Comparison of mouse microbiome and metabolome data based on NJC19. (a,b) In the left panels, the abundances of the propionate (a) and acetate (b) producers in NJC19 were obtained from cecal 16S rRNA gene sequence data35 in ref. 37 Cecal metabolite concentrations in the right panels were obtained from Fig. 3c of the same study. Mouse group I consists of mice six weeks after 10-day cefoperazone treatment on mouse group II, cefoperazone-naive mice. (c) In the left panel, the abundances of the butyrate producers in NJC19 were obtained from fecal 16S rRNA gene sequence data35 in ref. 4 Cecal butyrate concentrations in the right panel were obtained from Fig. 2c of the same study. Although we used the fecal 16S rRNA gene sequence data for the left panel due to the limited data availability, fecal and cecal microbial compositions were found to strongly correlate in other samples from that study, allowing us to use the fecal sequence data as a proxy for the cecal ones. All mice were initially germ-free in the study. Mouse groups I to V comprise mice transplanted with an obese twin’s microbiota (Ob; group I), mice co-housed with Ob and Ln mice (group II; see next for the definition of Ln mice), mice transplanted with the lean co-twin’s microbiota (Ln; group III), Ob mice co-housed with Ln and germ-free mice (group IV), and Ln mice co-housed with Ob and germ-free mice (group V). (df) In the left panels, the abundances of the succinate (d,e) and isovalerate (f) producers in NJC19 were obtained from cecal 16S rRNA gene copy levels in Fig. 2a of ref. 38 We re-scaled succinate producers in (d) to the total 16S rRNA gene copy levels, because the corresponding succinate concentrations (d) were available per cecal dry weight (i.e., per cecal microbial load). Cecal and portal vein metabolite concentrations in the right panels were obtained from Fig. 2b and Supplementary Table 4 of the same study, respectively. Mouse groups ‘HF/HS’, ‘ZF/HS’, and ‘Chow’ represent gnotobiotic mice on a high-fat/high-sucrose diet, a zero-fat/high-sucrose diet, and a chow diet, respectively. In (ad), each error bar represents standard deviation across replicates. Error bars are missing for (e,f), as well as for the left panel in (d), and units are missing for the right panels in (e,f), because of the information unavailability from the data sources.

Figure 3 indeed demonstrates that alternations in the producer and metabolite levels tend to agree with each other, with the overall 71.4% matches of their increasing or decreasing tendencies across the mouse groups. For example, the propionate producers in NJC19 decreased by 90.0% in the cecum after cefoperazone treatment and recovery, consistent with an 88.5% decrease in the cecal propionate concentration (Fig. 3a). Likewise, the acetate producers in NJC19 decreased by 64.5% at the same time, consistent with a 59.3% decrease in the cecal acetate concentration (Fig. 3b). In these examples, the total microbial loads remained similar during the experiments37, and thus the metabolite concentration changes here are not likely to be a mere consequence of the microbial load changes.
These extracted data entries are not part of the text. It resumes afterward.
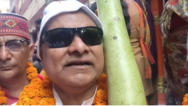 वाराणसी। रंगभरी एकादशी को बाबा विश्वनाथ और माता पार्वती की पालकी यात्रा में चढ़ावा चढ़ाने महन्त के घर किसान 5 फीट लंबी दो लौकी लेकर पहुंचा। किसान के हाथों में इतनी बड़ी लौकी देख वहां लोग हैरान थे। किसान भी लौकी के साथ भोलेनाथ की बारात में शामिल हुआ।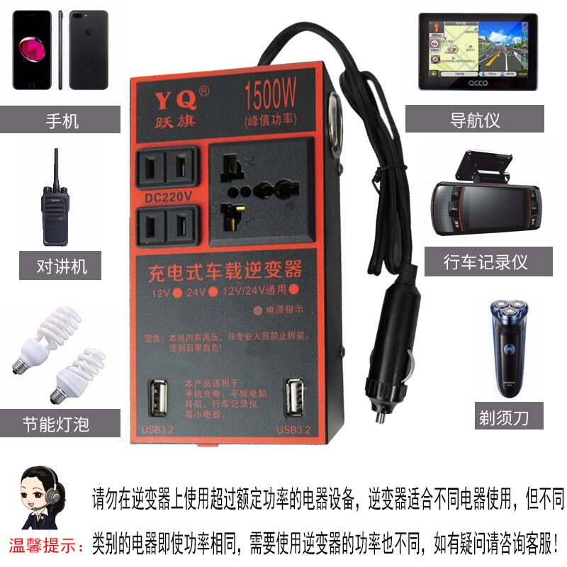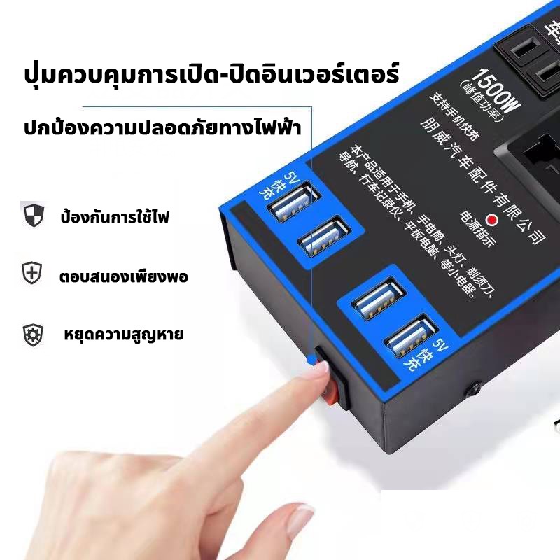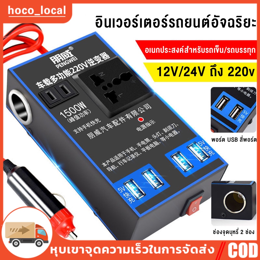 อินเวอร์เตอร์ 1500W อินเวอร์เตอร์ในรถยนต์12V/24V ออก 220V แปลงไฟรถยนต์ เป็นไฟบ้าน รถ อินเวอร์เตอร์พาวเวอร์ รถอินเวอร์เตอร์ อินเวอร์เตอร์แปลงไฟ อินเวอร์เตอร์พาวเวอร์รถยนต์ USB Charger Fast Charging ชาร์จเร็ว อินเวอร์เตอร์ไฟฟ้าแบบพกพา ​แปลงไฟ เหมาะสำหรับความหลากหลายของรุ่น: รถยนต์,รถบรรทุก,รถออฟโรด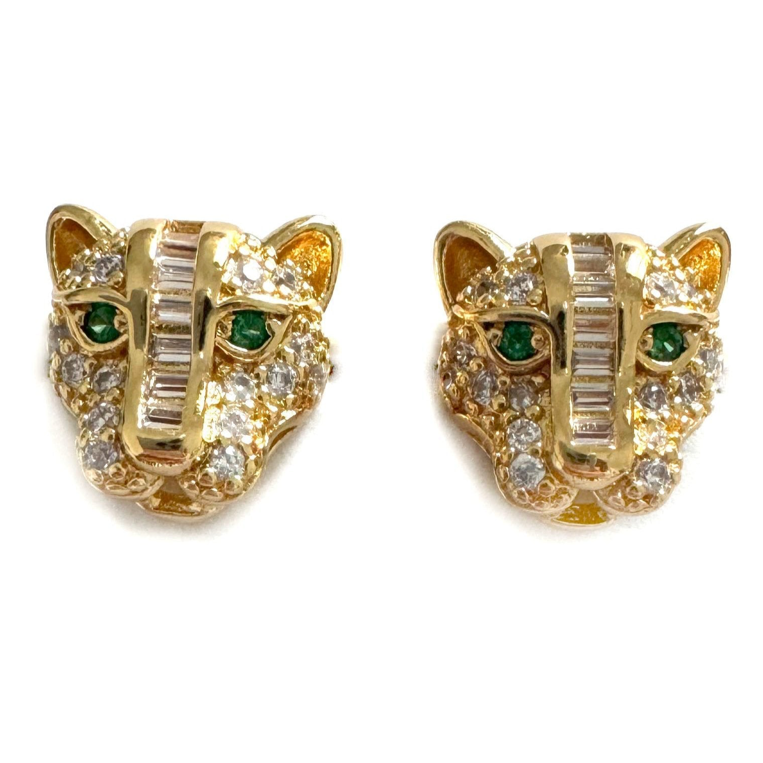 Zuri Luxe 18k Gold Plated Small Jewelled Panther Stud Earrings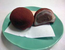 生チョコをミルクあんとやわらかなお餅で包みココアパウダーをまぶしました。(2月のみ限定販売)。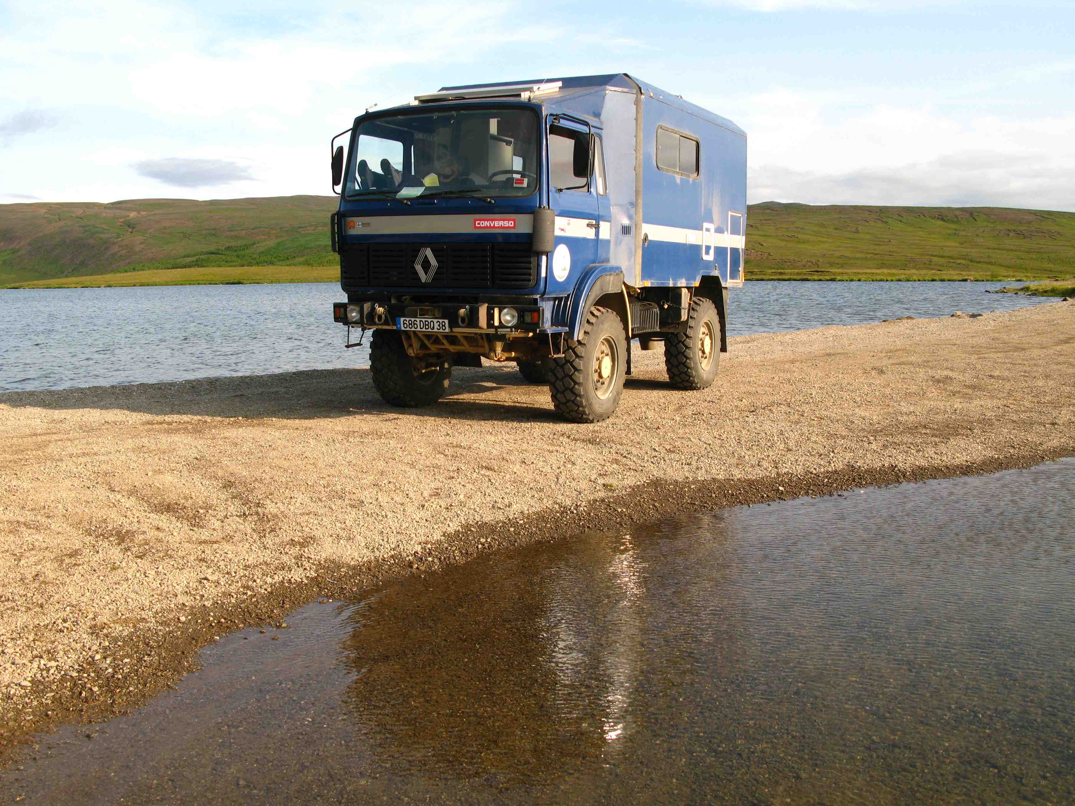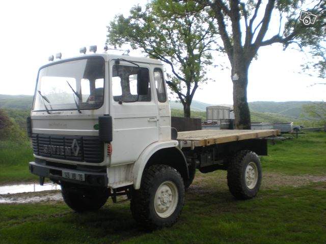 Camion 4x4 de voyage, Renault TRM 2000, 1° mise en circulation en 1983, entièrement reconditionné en 2007, 133500 km, très bon état, entièrement révisé. Carte grise VASP Camping car, 12cv, homologué 6 places assises, Longueur hors tout 5,40m, Poids à vide 4,55t, Poids total en charge 6t. Contrôle technique à jour. Aménagement réalisé en 2008 par un Pro. La particularité de ce camion est la communication intégrale entre la cabine et la partie arrière, de fait il y a un seul volume, comme un fourgon. Aménagement comme neuf, et camion mécaniquement entièrement révisé.
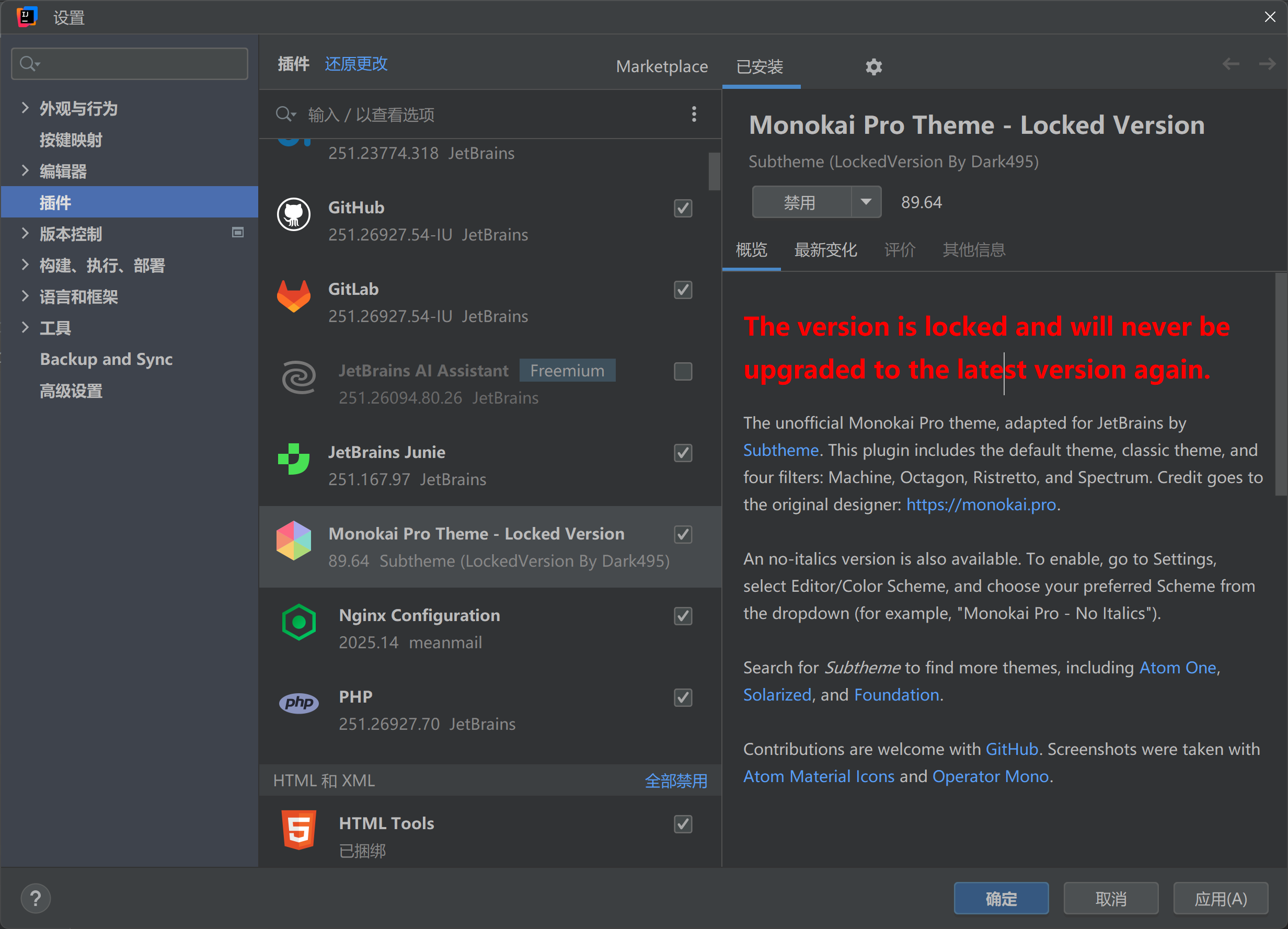 于是我解压了这个插件的 1.10 版本,然后把版本号和插件 ID 乱改一通,以此实现了让此插件永不升级。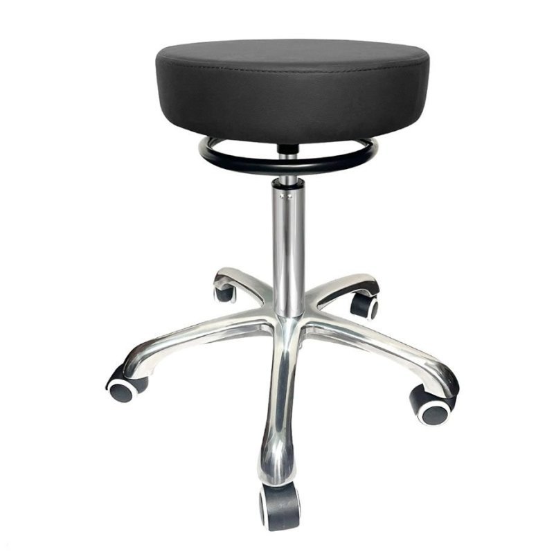 Ergonomisk og stilfuld taburet med slidstærkt PU-læder, som giver høj komfort og er nem at rengøre. Sædet har en diameter på 34,5 cm og en blød pude på 80 mm for optimal støtte. Højden justeres trinløst fra 52 til 72 cm via en praktisk ringudløser hele vejen rundt (SGS-certificeret gaslift, klasse 3). Den stabile base på Ø 52 cm sikrer god balance, mens det 360° drejelige sæde giver maksimal bevægelsesfrihed. Maksimal belastning: 160 kg. Vægt: 4,7 kg.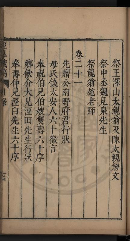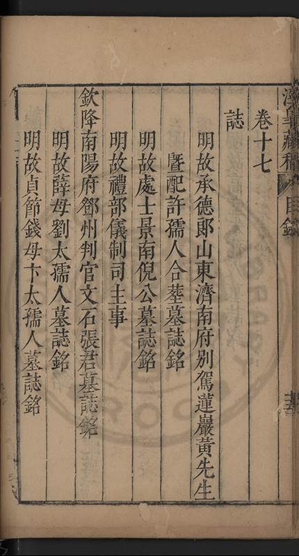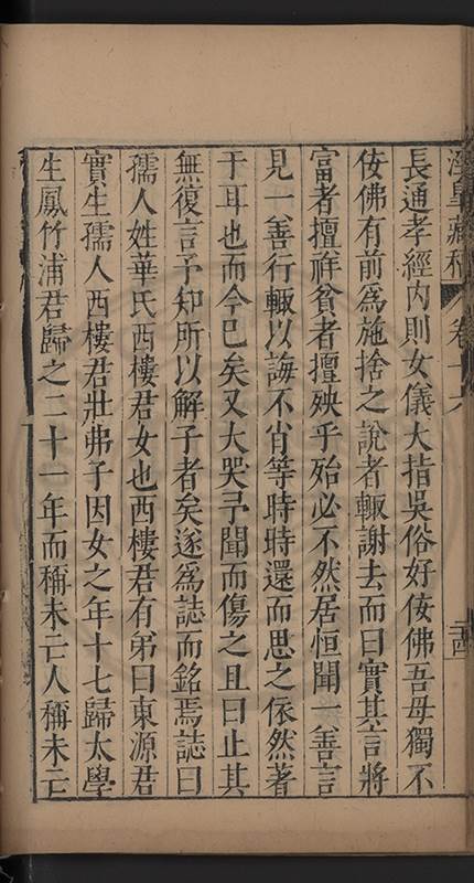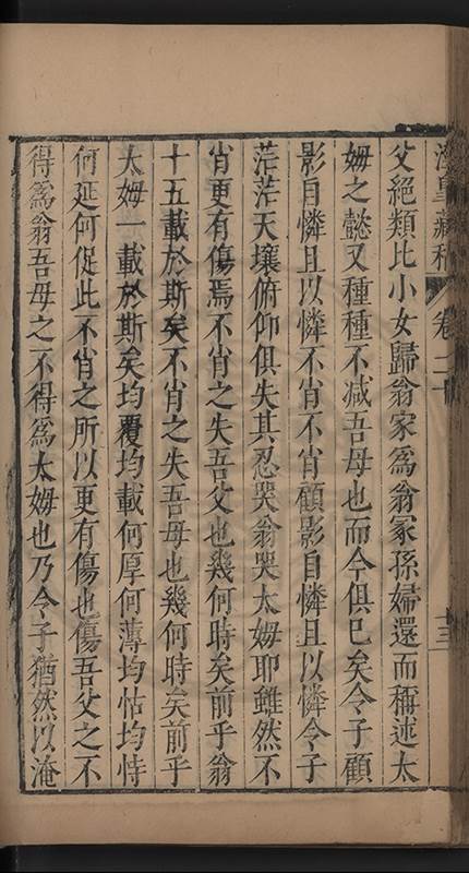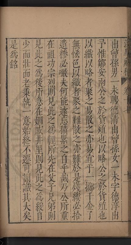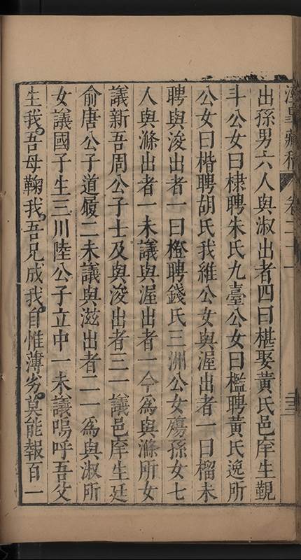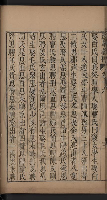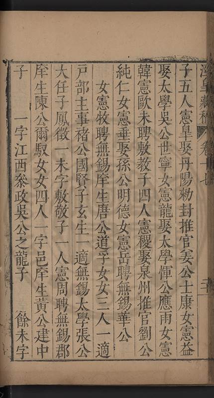 俱與溉出檖聘萬氏邑庠生卓如公女國子生同菴公孫女餘未聘孫女二與溉出者一許字國子生心澤吳公子明光祿寺監事涘湖公孫右春坊右諭德兼翰林院侍讀澤峯公曾孫與演出者一未字

To test the statistical significance of these correlations, we introduce quantities fij, gij, and fij’ for each pair of mouse groups i and j: fij (gij) denotes a fold change from group i to group j in the measured producer (metabolite) abundance averaged over the replicates in the group i or j. fij’ denotes a group-i-to-j fold change in the average abundance of randomly-assigned producers, while the number of those randomly-assigned producers from all the data sources in Fig. 3 is maintained as the same as the number of the total observed producers. To assess the significance of the observed producer and metabolite correlations against a scenario that the producer information in NJC19 may not be more correct than expected by chance, we computed the P value as the probability of satisfying fij’ ≥ fij (fij’ ≤ fij) for all (i, j)-pairs that have fij and gij with both ≥ 1 (≤1). Accordingly, our P value calculation reveals that the producers in NJC19 and the detected metabolic compounds are significantly correlated in Fig. 3, thereby supporting the validity of the microbe-compound associations in NJC19 (P = 0.02 for Fig. 3a,c–e, P < 10–4 for Fig. 3f, and P = 0.06 for Fig. 3b).